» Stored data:

##############################

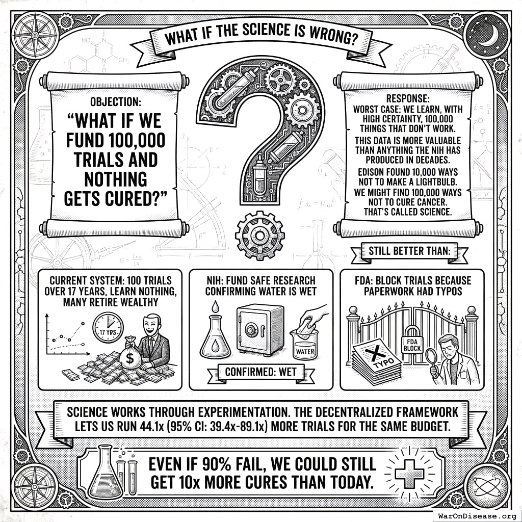 Objection: “What if we fund 100,000 trials and nothing gets cured?”
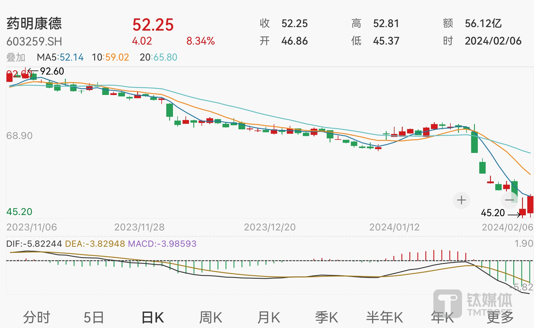 火速完成回购后,药明康德股价迎来大涨,截至2月6日收盘,药明康德报收52.25元,涨8.34%。而在此前,药明康德股价自1月26日起连续大跌,至2月5日盘中低值,其累计跌幅一度接近40%。
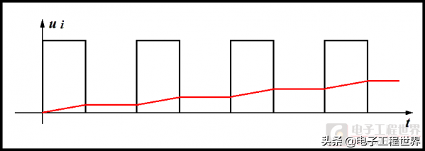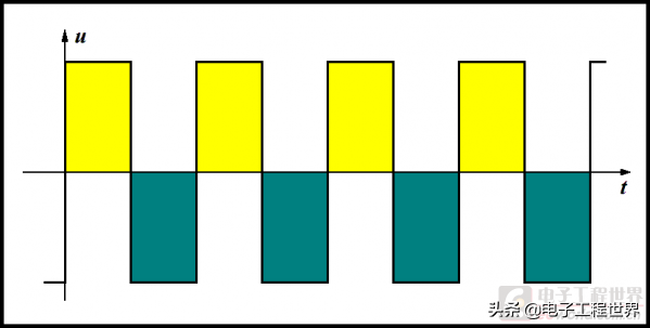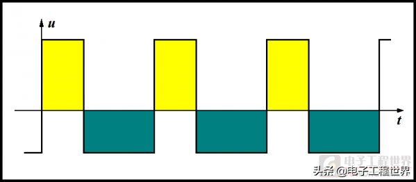 图(08)就是对称矩形波电压对时间的积分图像。图中黄色部分的面积必定与绿色部分的面积相等。
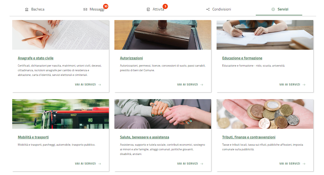 La sezione Servizi è invece un'ulteriore modalità di accesso ai servizi digitalizzati del Comune.
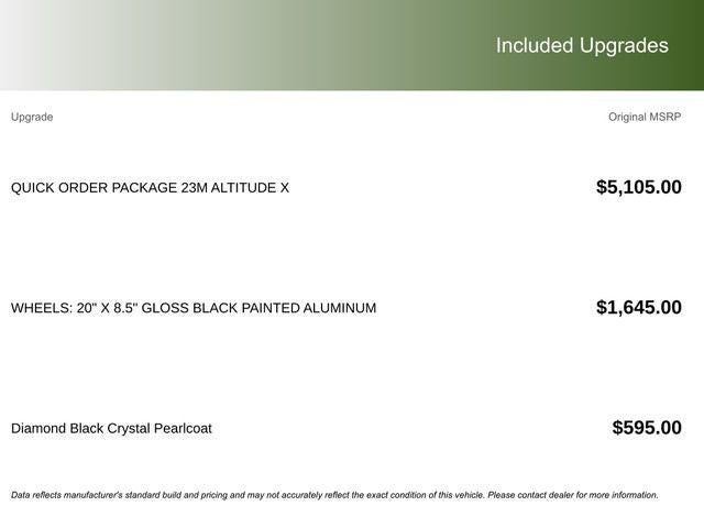 This vehicle comes with the following features and options:Quick Order Package 23M Altitude X (115V Auxiliary Power Outlet, Altitude X, Black Headliner, Capri Leatherette/Suede Seats, Delete Laredo Badge, Gloss Black Exterior Accents, Heated Front Seats, Heated Steering Wheel, Power Liftgate, Power Sunroof, Rain Sensitive Windshield Wipers, Remote Start System, Selectable Tire Fill Alert, Wheels: 18 x 8 Fully Painted Aluminum 1, and Wireless Charging Pad), 4-Wheel Disc Brakes, 6 Speakers, ABS brakes, Air Conditioning, Alloy wheels, AM/FM radio: SiriusXM, Anti-whiplash front head restraints, Automatic temperature control, Brake assist, Bumpers: body-color, Cloth Seats, Compass, Delay-off headlights, Driver door bin, Driver vanity mirror, Dual front impact airbags, Dual front side impact airbags, Electronic Stability Control, Emergency communication system, Four wheel independent suspension, Front anti-roll bar, Front Bucket Seats, Front Center Armrest w/Storage, Front dual zone A/C, Front reading lights, Fully automatic headlights, Heated door mirrors, Illuminated entry, Knee airbag, Low tire pressure warning, Model Year Tracking, Normal Duty Suspension, Occupant sensing airbag, Outside temperature display, Overhead airbag, Overhead console, Panic alarm, ParkView Rear Back-Up Camera, Passenger door bin, Passenger vanity mirror, Power door mirrors, Power driver seat, Power steering, Power windows, Radio data system, Radio: Uconnect 5 with 8.4 Display, Rear anti-roll bar, Rear reading lights, Rear window defroster, Rear window wiper, Remote keyless entry, Security system, Speed control, Speed-Sensitive Wipers, Split folding rear seat, Spoiler, Steering wheel mounted audio controls, Tachometer, Telescoping steering wheel, Tilt steering wheel, Traction control, Trip computer, Variably intermittent wipers, Voltmeter, Wheels: 17 x 6.5 Fully Painted Aluminum, and Wheels: 20 x 8.5 Gloss Black Painted Aluminum.
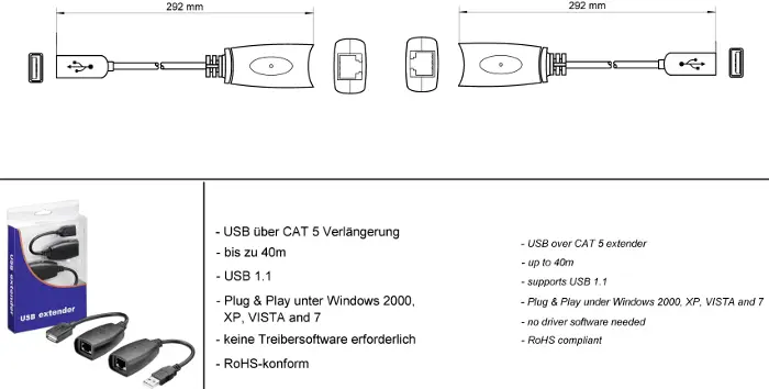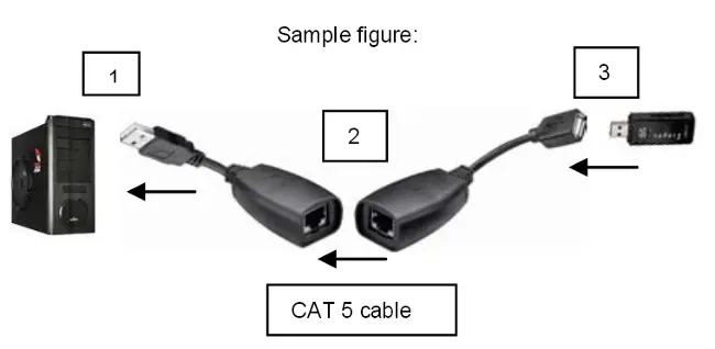 Konwerter CAT 5 / 5a / 6/ USB 1.1 przeznaczony do transmisji sygnałów USB za pomocą kabla sieciowego do 40 metrów!

##############################

» Description of the task:
From the records above, give again only the part that opens with the line containing "火速完成回购后,药明康德股价" and closes with the line containing "La sezione Servizi". Keep both ends but drop the pictures.

» Result:
 火速完成回购后,药明康德股价迎来大涨,截至2月6日收盘,药明康德报收52.25元,涨8.34%。而在此前,药明康德股价自1月26日起连续大跌,至2月5日盘中低值,其累计跌幅一度接近40%。
 图(08)就是对称矩形波电压对时间的积分图像。图中黄色部分的面积必定与绿色部分的面积相等。
 La sezione Servizi è invece un'ulteriore modalità di accesso ai servizi digitalizzati del Comune.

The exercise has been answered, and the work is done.